Latest revision as of 22:16, 21 January 2022

Split a string onto a Stringlist using regex (Stringlist class)


This callable method repeatedly applies a regular expression, or "regex," to a given input string until it has tested the entire string. This splits the string into the substrings that are matched by the regex (the "separators") and the substrings that are not matched.

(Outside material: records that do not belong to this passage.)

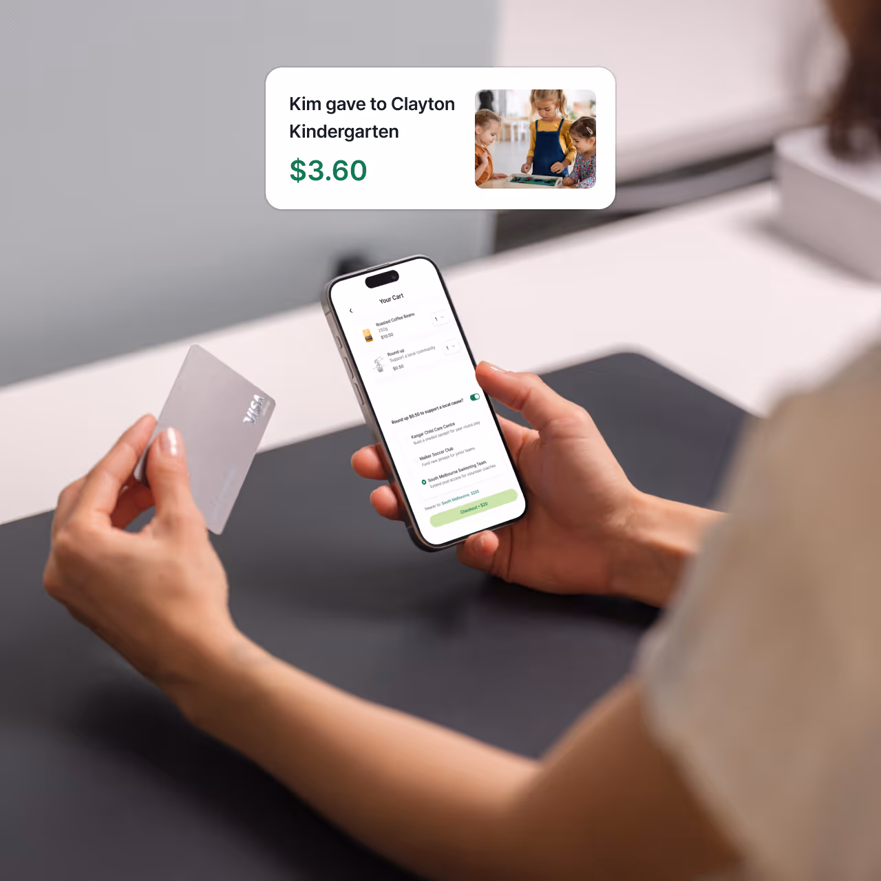 Customers see the option to round up and choose from three local causes based on their postcode or suburb.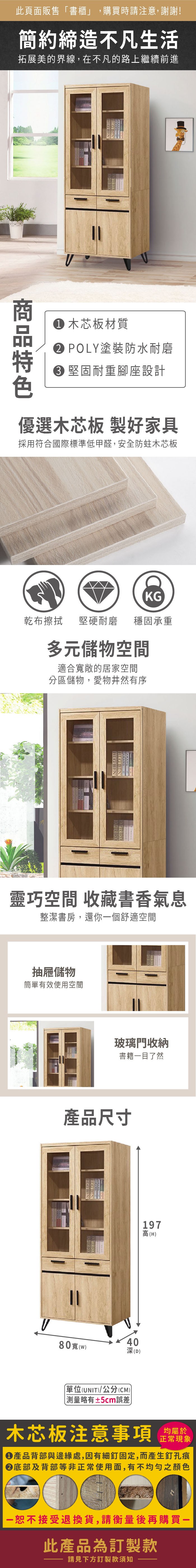 文創集 麥森2.7尺四門二抽書櫃-80.8x39.8x192.8cm免組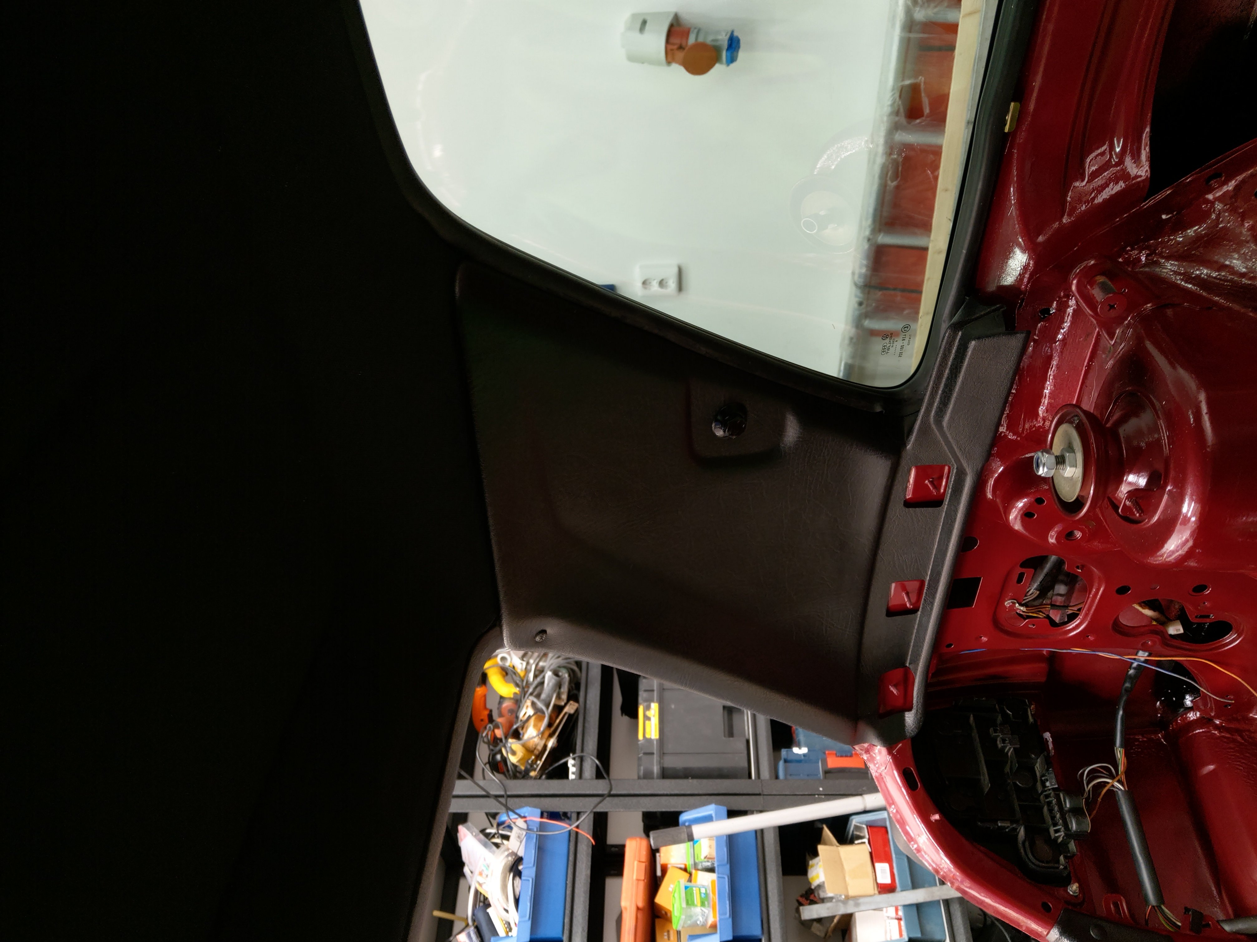 Plastpanelerna runt bakluckan med nya clips:

By default, the method saves each unmatched substring as a separate item in the Stringlist method object. The leftmost unmatched substring is the first item in the Stringlist, the next leftmost is the second item, and so on. A simple application of the method is to extract only the data items from a string of comma-separated data items. If the specified regex is a comma, each of the resulting Stringlist items will contain one of the data items. The Stringlist that is returned by a default invocation of RegexSplit will contain at least as many items as there are instances of matched substrings. Upon each match, the input string characters preceding the matched ones (and since the previous matched ones) are saved as a Stringlist item. If there are consecutive matching substrings (no unmatched characters between the matching ones), the corresponding Stringlist item for the second matching substring is empty. RegexSplit also has non-default alternatives that let you save the following in the Stringlist:

  • only the matched substrings
  • both the matched and unmatched substrings
  • only the substrings that are matched by capturing groups in the specified regex
  • the unmatched substrings and the substrings matched by capturing groups

Within a regex, characters enclosed by a pair of unescaped parentheses form a "subexpression". A subexpression is a capturing group if the opening parenthesis is not followed by a question mark (?). RegexSplit uses the rules of regular expression matching (information about which is provided in "Regex processing rules").

Specifying an invalid argument results in request cancellation.

Syntax

[%number =] sl:RegexSplit( inString, regex, [Options= string], - [Status= %output], [Add= regexSplitOutputOptions]) Throws InvalidRegex

Syntax terms

%number If specified, a numeric variable that is set to 0 if the regular expression was invalid or no match was found or some error occurred, or it is the number of items added to the method Stringlist sl.
sl A Stringlist object.
inString The input string, to which the regular expression regex is applied.
regex A string that is interpreted as a regular expression and is applied in a matching operation to the inString argument.
Options This is an optional, name required, parameter supplying a string of single letter options, which may be specified in uppercase or lowercase, in any combination, and blank separated or not as you prefer. For more information about these options, see Common regex options.
Status The Status argument (name required) is optional; if specified, it is set to an integer code. These values are possible:
n A successful match was obtained. The (positive) number of items that are added to the method Stringlist sl.
0 No match (inString not matched by regex), and no error.
-6 The regex produced a 0-byte match. This may be the result of metacharacters like ? or *, which by definition can "succeed" without matching a character. In these cases, %number is set to zero (although items may have been appended to the method Stringlist).
-1nnn The pattern in regex is invalid. nnn (the absolute value of the return minus 1000) gives the 1-based position of the character being scanned when the error was discovered. The value for an error occurring at end-of-string is the length of the string + 1.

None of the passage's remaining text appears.